Question

Find the matrix of the quadratic form. Assume x is in \({\mathbb{R}^2}\).

a. \(5x_1^2 + 16{x_1}{x_2} - 5x_2^2\)

b. \(2{x_1}{x_2}\)

Short answer

1. The matrix for the quadratic form \(5x_1^2 + 16{x_1}{x_2} - 5x_2^2\) is \(\left( {\begin{aligned}{{}}5&8\\8&{ - 5}\end{aligned}} \right)\).

2. The matrix for the quadratic form \(2{x_1}{x_2}\) is \(\left( {\begin{aligned}{{}}0&1\\1&0\end{aligned}} \right)\).

Step-by-step solution

Matrix of the quadratic form

The coefficients of the square of variables, that is \(x_i^2\), are to be divided on the main diagonal as per the order, and the coefficient of term \({x_i}{x_j}{\rm{ }}\left( {i \ne j} \right)\), divided by 2 to split properly between the entries \(\left( {i,j} \right)\) and \(\left( {j,i} \right)\).

Find the corresponding matrix of \(5x_1^2 + 16{x_1}{x_2} - 5x_2^2\)

(a)

The given quadratic expression is \(5x_1^2 + 16{x_1}{x_2} - 5x_2^2\).

For this expression, the order of the square matrix is 2.

So, let \(A = \left( {\begin{aligned}{{}}{{a_{11}}}&{{a_{12}}}\\{{a_{21}}}&{{a_{22}}}\end{aligned}} \right)\)

According to the rule in steps (1), 5 and \( - 5\), will be on the main diagonal of the matrix, like \({a_{11}} = 5\) and \({a_{22}} = - 5\).

And \({a_{12}} = \frac{{16}}{2}\), \({a_{21}} = \frac{{16}}{2}\) .

Substitute the required value into \(A = \left( {\begin{aligned}{{}}{{a_{11}}}&{{a_{12}}}\\{{a_{21}}}&{{a_{22}}}\end{aligned}} \right)\).

\(A = \left( {\begin{aligned}{{}}5&8\\8&{ - 5}\end{aligned}} \right)\)

So, the required matrix is \(\left( {\begin{aligned}{{}}5&8\\8&{ - 5}\end{aligned}} \right)\).

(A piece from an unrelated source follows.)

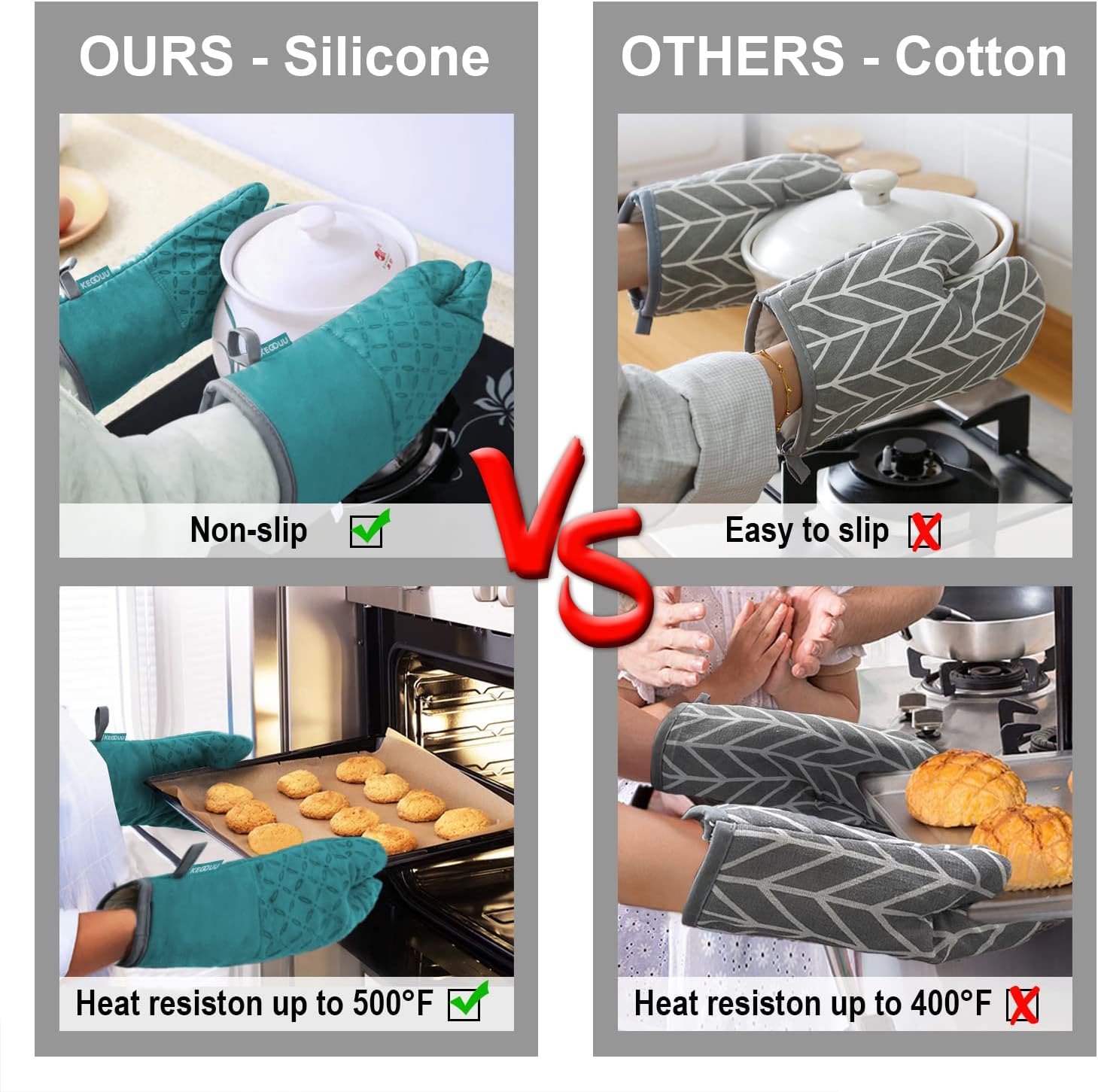 - 500Β°F HEAT RESISTANT &NON-SLIP - This oven mitts heat resistant 500 degrees because of the durable construction so it can effectively keep you protected from burning while you enjoy cooking and grilling. Enhanced with anti-slip silicone design to provide a more robust, non-slip grip that can be held securely when handling the kitchen utensils
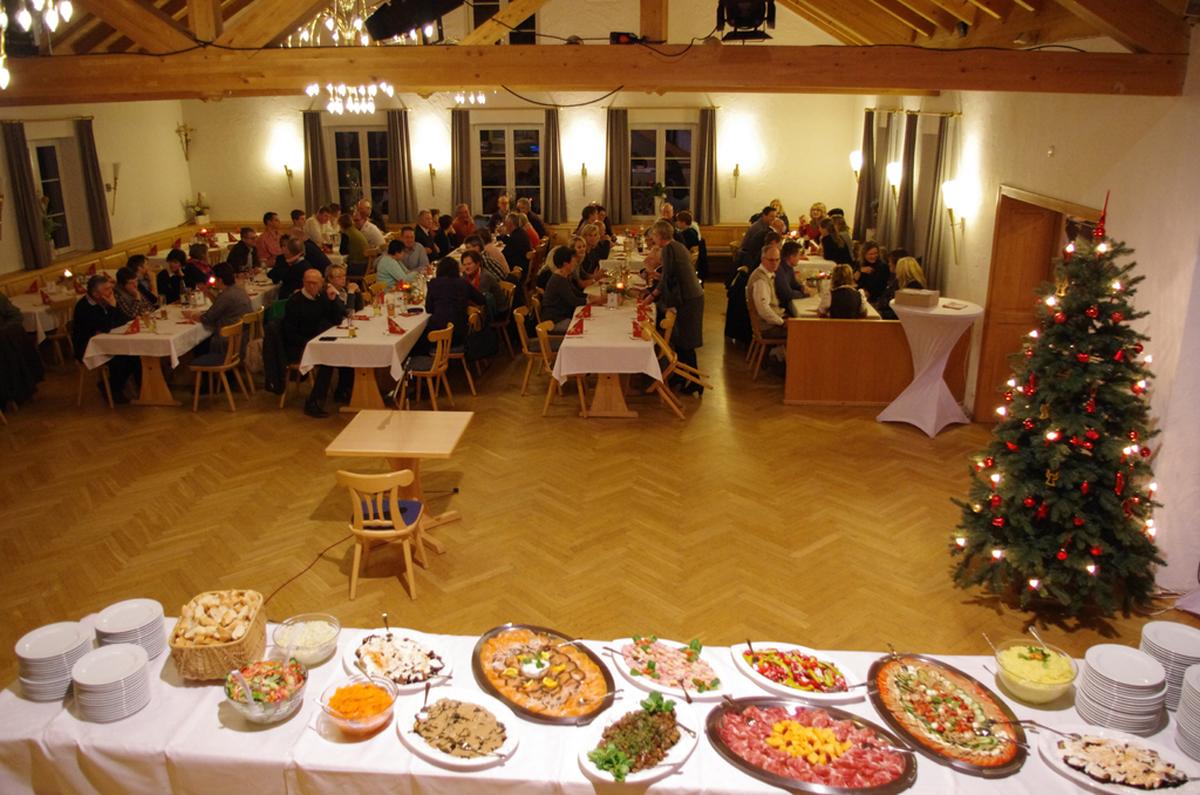 Zunächst wurden die Gäste im Dollsaal von der SG-Musik unter der bewährten Leitung von Franz Neumüller mit besinnlichen Weisen und einigen amüsanten Geschichten, die von Heinzi Tschuchnig, Manfred Schneider und Berta Schiller vorgetragen wurden, auf das bevorstehende Weihnachtsfest eingestimmt. Den Höhepunkt des Abends läutete dann Hans Doll mit der Eröffnung des umfangreichen Speisenbuffettes ein. Die kurze Pause bis zum Nachspeisenbuffett nützte SG Vorstand Michael Rauch, um die nächsten Aktivitäten bekannt zu geben, bei denen der anstehende Crosslauf am Golfpark Gut Häusern die erste größere Aufgabe für die vielen Helfer in der SG sein wird.

Find the corresponding matrix of \(2{x_1}{x_2}\)

(b)

The given quadratic expression is \(2{x_1}{x_2}\), which can be written as \(0x_1^2 + 2{x_1}{x_2} + 0x_2^2\).

For this expression, the order of the square matrix is 2.

So, let \(A = \left( {\begin{aligned}{{}}{{a_{11}}}&{{a_{12}}}\\{{a_{21}}}&{{a_{22}}}\end{aligned}} \right)\)

According to the rule in steps (1), 3 and 0 will be on the main diagonal of the matrix, like \({a_{11}} = 0\) and \({a_{22}} = 0\).

And \({a_{12}} = \frac{2}{2}\), \({a_{21}} = \frac{2}{2}\) .

Substitute the required value into \(A = \left( {\begin{aligned}{{}}{{a_{11}}}&{{a_{12}}}\\{{a_{21}}}&{{a_{22}}}\end{aligned}} \right)\).

\(A = \left( {\begin{aligned}{{}}0&1\\1&0\end{aligned}} \right)\)

So, the required matrix is \(\left( {\begin{aligned}{{}}0&1\\1&0\end{aligned}} \right)\).